OSLO.- At a crossroads in the middle of his career, Jasper Johns (1930) found his way forward in part by looking to the work of Edvard Munch (1863–1944). Now a ground-breaking exhibition entitled Jasper Johns and Edvard Munch: Love, Loss, and the Cycle of Life examines how Johns, one of America’s preeminent artists, mined the work of the Norwegian Expressionist in the late 1970s and early 1980s as he moved away from a decade of abstract painting towards a more open expression of love, sex, loss and death.

Organized by the Virginia Museum of Fine Arts (VMFA) in partnership with the Munch Museum, Jasper Johns and Edvard Munch opened this weekend in Oslo on Saturday, June 18, 2016, and in Richmond on Saturday, November 19, 2016 (remaining on view in Richmond through February 20, 2017). The showing at VMFA is the sole U.S. venue.

“The depth of the relationship between Johns and Munch has never been explored as systematically, nor illustrated as stunningly, as it will be in this international exchange,” says VMFA Director Alex Nyerges. Including more than 120 paintings, drawings, prints, and photographs, the exhibition has been conceived and organized by John B. Ravenal, Executive Director of deCordova Sculpture Park and Museum and former Sydney and Frances Lewis Family Curator of Modern and Contemporary Art at VMFA.

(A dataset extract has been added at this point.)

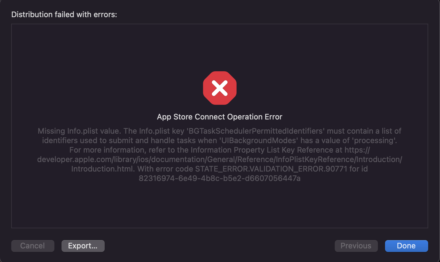 Missing Info.plist value. The Info.plist key 'BGTaskSchedulerPermittedIdentifiers' must contain a list of identifiers used to submit and handle tasks when 'UIBackgroundModes' has a value of 'processing'. For more information, refer to the Information Property List Key Reference at https://developer.apple.com/library/ios/documentation/General/Reference/InfoPlistKeyReference/Introduction/Introduction.html. With error code STATE_ERROR.VALIDATION_ERROR.90771 for id 82316974-6e49-4b8c-b5e2-d6607056447a

Ravenal calls the two artists “strange bedfellows” in the accompanying volume, Jasper Johns and Edvard Munch: Inspiration and Transformation, co-published by the Virginia Museum of Fine Arts and Yale University Press, in partnership with the Munch Museum. By the turn of the last century, Munch had worked his way towards a figurative style shaped by the emotions that preoccupied him--anxiety, loneliness, jealousy, fear, and grief. Johns, on the other hand, has been quoted as saying “I didn’t want my work to be an exposure of my feelings,” when describing why he turned his back on Abstract Expressionism to paint familiar, even neutral, images like flags, targets, and numbers.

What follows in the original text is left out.